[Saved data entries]
--------
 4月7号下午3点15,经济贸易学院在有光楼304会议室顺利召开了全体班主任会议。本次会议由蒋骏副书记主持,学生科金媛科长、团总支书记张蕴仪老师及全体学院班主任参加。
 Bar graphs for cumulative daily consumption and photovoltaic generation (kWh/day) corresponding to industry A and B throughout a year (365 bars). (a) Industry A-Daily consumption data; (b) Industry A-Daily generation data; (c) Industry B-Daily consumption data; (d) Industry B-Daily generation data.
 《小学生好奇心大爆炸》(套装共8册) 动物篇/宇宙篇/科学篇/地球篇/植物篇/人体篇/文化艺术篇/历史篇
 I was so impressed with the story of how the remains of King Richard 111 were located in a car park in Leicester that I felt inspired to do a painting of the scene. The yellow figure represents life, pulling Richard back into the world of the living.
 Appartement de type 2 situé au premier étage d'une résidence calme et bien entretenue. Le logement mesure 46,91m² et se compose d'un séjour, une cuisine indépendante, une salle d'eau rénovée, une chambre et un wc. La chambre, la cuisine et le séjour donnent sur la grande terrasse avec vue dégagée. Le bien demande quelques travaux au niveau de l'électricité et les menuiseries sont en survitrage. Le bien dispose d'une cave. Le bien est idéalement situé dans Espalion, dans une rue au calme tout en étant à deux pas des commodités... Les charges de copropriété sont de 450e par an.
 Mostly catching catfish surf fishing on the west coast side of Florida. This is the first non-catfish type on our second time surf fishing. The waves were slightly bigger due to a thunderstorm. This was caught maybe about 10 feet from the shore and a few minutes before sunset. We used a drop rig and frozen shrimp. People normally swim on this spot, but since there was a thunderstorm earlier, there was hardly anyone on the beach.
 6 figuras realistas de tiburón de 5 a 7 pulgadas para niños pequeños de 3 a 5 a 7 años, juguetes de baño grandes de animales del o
--------
**What you need to do**. Copy every line that appears above, with each word kept as it is.

**Result**.
 4月7号下午3点15,经济贸易学院在有光楼304会议室顺利召开了全体班主任会议。本次会议由蒋骏副书记主持,学生科金媛科长、团总支书记张蕴仪老师及全体学院班主任参加。
 Bar graphs for cumulative daily consumption and photovoltaic generation (kWh/day) corresponding to industry A and B throughout a year (365 bars). (a) Industry A-Daily consumption data; (b) Industry A-Daily generation data; (c) Industry B-Daily consumption data; (d) Industry B-Daily generation data.
 《小学生好奇心大爆炸》(套装共8册) 动物篇/宇宙篇/科学篇/地球篇/植物篇/人体篇/文化艺术篇/历史篇
 I was so impressed with the story of how the remains of King Richard 111 were located in a car park in Leicester that I felt inspired to do a painting of the scene. The yellow figure represents life, pulling Richard back into the world of the living.
 Appartement de type 2 situé au premier étage d'une résidence calme et bien entretenue. Le logement mesure 46,91m² et se compose d'un séjour, une cuisine indépendante, une salle d'eau rénovée, une chambre et un wc. La chambre, la cuisine et le séjour donnent sur la grande terrasse avec vue dégagée. Le bien demande quelques travaux au niveau de l'électricité et les menuiseries sont en survitrage. Le bien dispose d'une cave. Le bien est idéalement situé dans Espalion, dans une rue au calme tout en étant à deux pas des commodités... Les charges de copropriété sont de 450e par an.
 Mostly catching catfish surf fishing on the west coast side of Florida. This is the first non-catfish type on our second time surf fishing. The waves were slightly bigger due to a thunderstorm. This was caught maybe about 10 feet from the shore and a few minutes before sunset. We used a drop rig and frozen shrimp. People normally swim on this spot, but since there was a thunderstorm earlier, there was hardly anyone on the beach.
 6 figuras realistas de tiburón de 5 a 7 pulgadas para niños pequeños de 3 a 5 a 7 años, juguetes de baño grandes de animales del o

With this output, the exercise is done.